Could a million engineers in the USA successfully sue for payment of back wages?

The long-running scandal that, four years ago, saw the US DoJ settle a criminal case against Apple, Intel, Google, Adobe, a Intuit and Pixar for forming an anti-poaching agreement, has morphed into a civil action for damages for affected employees.

The defendants in this civil case are growing exponentially and, as the list of defendant companies grows, so the list of potential engineer plaintiffs also grows.

It now seems that Dell, IBM, eBay, Microsoft, Comcast, Clear Channel, Dreamworks and others were also involved in anti-poaching agreements.

Where it was thought, at one time, that the number of engineers affected was 60,000, now people are thinking it could be as much as one million.
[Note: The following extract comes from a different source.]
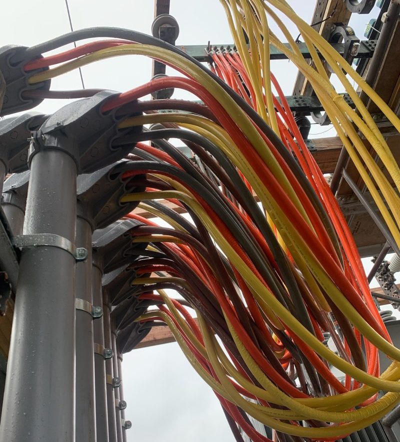 A crew of 6–9 worked 12–15 hours a day for seven straight days to restore service.  The team installed approximately 1,200 feet of 4″ PVC conduit and pulled over a mile (5,760′) of 600MCM wire, along with several other sizes. More than 220 large terminations were completed and torqued, and multiple inspections were passed.  All of this was done efficiently while the surrounding area was without power for 3 days and recovering from major storm damage.
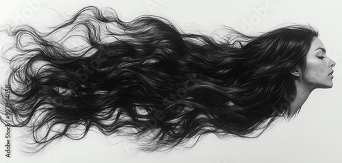 Woman with long flowing black hair. Beautiful, elegant and mysterious.

Of course everyone assumes that money decides law cases in America and the huge resources of these companies are widely expected to win the day for them in court.

But you never know. There are decent, fair, incorruptible judges and, if one is assigned to the case, and if the trial is properly conducted, then there's a chance the engineers could win.

After all, ten years back wages for one million engineers represents an enormous payout. The lawyers have everything to play for.

So it may just happen that the US Justice system will enforce on the companies an unexpected way to disburse their vast cash hoards.

That would be a fine and just way to redistribute these unused corporate surpluses.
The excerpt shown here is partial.